- Born: 1931 – August 31
- Died: 2016

= Abdulaziz Jassim Kanoo =

Bahraini businessman (1931–2016)

Abdulaziz Jassim Kanoo (عبد العزيز جاسم كانو, 1931 – August 31, 2016, Mahooz) is a Bahraini businessman.

==Early life and education==

He belongs to the famed Kanoo family, one of the leading merchant families of the Gulf States. Attending primary and secondary school in Somerset, England, he enrolled in the American University of Beirut and went on to earn a business degree in Scotland.

==Career==
He held the following positions:
- Yusuf Bin Ahmed Kanoo Company, Vice-Chairman and Deputy CEO
- Al Jazeera Tourism Company, Chairman of the Board
- Saudi Corporation for Industry and Commerce, Chairman of the Board
- Saudi Loading Company, Chairman of the Board
- Saudi Arabian Lube Additives Company Limited, Chairman of the Board
- Novotel Bahrain Al Dana Resort, Chairman of the Board
- Investcorp, Vice-Chairman of the Board
- Taaleem Educational Services, Vice-Chairman of the Board
- Saudi Arabian General Investment Authority, Director for the Eastern Province
- United Arab Shipping Company, Member of the Board of Directors
- Saudi Public Transport Company (SAPTCO), Member of the Board of Directors
- Gulf Union Insurance & Reinsurance Company, Member of the Board of Directors
- Bahrain Public Transport Company, Member of the Board of Directors
- Dammam Central Hospital, Member of the Board of Directors
- Al Madinah Region Development Authority, Member of the Board of Directors
- Saudi Society of Family and Community Medicine, Member of the Board of Directors
- Saudi Diabetes and Endocrine Association, Member of the Board of Directors
- Public Bank Berhad, Member of the Board of Directors
- Human Rights Commission (Saudi Arabia), Eastern Province, Member of the Board of Directors

==Personal life==
He married his cousin, Sarah Ali Kanoo, and had four children with her: Ali, Saud, Nawf, and Badr. On January 8, 2018, his widow died and was buried in Manama Cemetery.
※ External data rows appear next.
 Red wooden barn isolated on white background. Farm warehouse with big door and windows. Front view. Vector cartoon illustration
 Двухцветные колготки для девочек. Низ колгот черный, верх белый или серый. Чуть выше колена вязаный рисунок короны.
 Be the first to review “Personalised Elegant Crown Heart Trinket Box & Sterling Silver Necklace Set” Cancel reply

His brother is Abdul Latif Jassim Kanoo, founder of the Beit Al Quran, a world-renowned museum of the Quran.

==Honors==
In 2007, Hamad bin Isa Al Khalifa, the King of Bahrain, awarded him the King Hamad Order of the Renaissance, the nation's highest civilian honor. In 1994, he was called the first businessman in the Kingdom of Saudi Arabia.

==Death==
Kanoo died on August 31, 2016, at the age of 85 at his home in Mahooz, Capital Governorate. He was buried in Manama Cemetery.